Report Finds School Segregation on the Rise

     (CN) — More than six decades after Brown v. Board of Education, a nonpartisan watchdog agency found that K-12 public schools are increasingly segregated by race and class.
     The U.S. General Accountability Office (GAO) report found that public schools have become increasingly isolated for black and Hispanic students, and many of these segregated schools fail to provide these students with the same academic opportunities. At the same time, disciplinary actions are much higher at these schools.
     “Our work shows that disparities in education persist and are particularly acute among schools with the highest concentrations of minority and poor students,” analysts concluded. “Further, black and Hispanic students are increasingly attending high-poverty schools where they face multiple disparities, including less access to academic offerings.”
     U.S. Reps.
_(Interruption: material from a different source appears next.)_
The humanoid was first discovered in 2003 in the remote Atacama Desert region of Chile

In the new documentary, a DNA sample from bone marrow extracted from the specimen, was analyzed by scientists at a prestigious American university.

Robert Scott, D-Va., John Conyers, D-Mich., and former Rep. George Miller, D-Calif., requested the report back in 2014 on the 60th anniversary of the landmark school desegregation case.
     The report released Tuesday, on the ruling’s 62nd anniversary, analyzed U.S. Department of Education and Department of Justice data from 2000 through 2014.
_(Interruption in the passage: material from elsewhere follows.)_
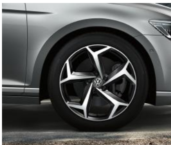
OPTIONAL ON R-LINE & GTE 18" 'Bonneville' alloy wheels in Burnished Black 8J x 18 Tyres: 235/45 R18

     It found that the number of schools that had high percentages of poor and black and Hispanic students increased from 9 to 16 percent.
     In addition, public schools that were high poverty and comprised of mostly black or Hispanic students — a criterion defined in the report as “H/PBH” — represented 16 percent of all K-12 public schools and 61 percent of all high-poverty schools.
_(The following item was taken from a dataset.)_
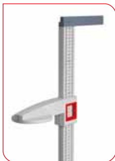
The spacer provides extra stability and ensures precise measurement results.

The mobile stadiometer seca 217 can be used anywhere, thanks to its sturdy and large base plate. All the connections are very stable and the spacer between wall and rod prevent the rod from wobbling and trembling, movements which impair measurement accuracy. All these features make this stadiometer the ideal tool for anyone who needs a reliable measuring device for use at different locations.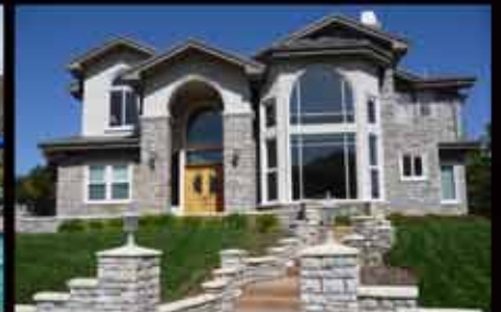
9663 Crosby Dr., Pleasanton $1,898,000 The "Preserve" 5 Bd/ 4 (2) Ba 5,200+/- sq.ft.

FOR MORE GREAT PROPERTIES CALL 925.251.2585 OR VISIT US ON THE WEB

     The number of schools with the worst rates of racial isolation has grown by 143 percent since 2001, the GAO found. Hispanic students tend to be “triply segregated” by race, income and language, according to the report. They are also the largest minority group in K-12 public schools.
     The report also found that “schools that were highly isolated by poverty and race generally had fewer resources and disproportionately more disciplinary actions than other schools.”
     At the same time segregation increased, so did the number of charter and magnet schools. The share of charter schools serving this population increased from 3 to 13 percent over the past 14 years. The share of H/PBH magnet schools also increased from 3 to 5 percent. The number of traditional schools over the same period of time decreased from 94 percent to 81 percent.
     The GAO recommended that the Department of Education more routinely analyze its data by “school groupings and types of schools across key elements to further explore and understand issues and patterns of disparities.” It further recommended that the Department of Justice monitor and enforce open federal school desegregation cases where Justice is a party to the litigation.
     According to Justice Department officials interviewed for the GAO report, as of November 2015 there were 178 of these cases.
     “Justice officials told us they routinely work with districts (and other parties to the desegregation case) to close out those cases where the school district has met its statutory and Constitutional duty to desegregate,” the report states. (Parentheses in original.)
     Conyers, the top ranking Democrat on the Judiciary Committee, said the report confirms what has been feared for a long time.
     “There simply can be no excuse for allowing educational apartheid in the 21st century,” Conyers said in a press release. “Congress and the federal government, as well as state and local agencies, must ensure all children receive access to equal education at all publicly funded schools.”
     In the same press release, Scott added that the report confirms “our nation’s schools are, in fact, largely segregated by race and class.”
     “What’s more troubling, is that segregation in public K12 schools isn’t getting better; it’s getting worse, and getting worse quickly, with more than 20 million students of color now attending racially and socioeconomically isolated public schools,” Scott said. “This report is a national call to action, and I intend to ensure Congress is part of the solution.”
     Conyers and Scott introduced the Equity and Inclusion Enforcement Act in response to the report. It would allow individual civil action in education cases involving disparate impact.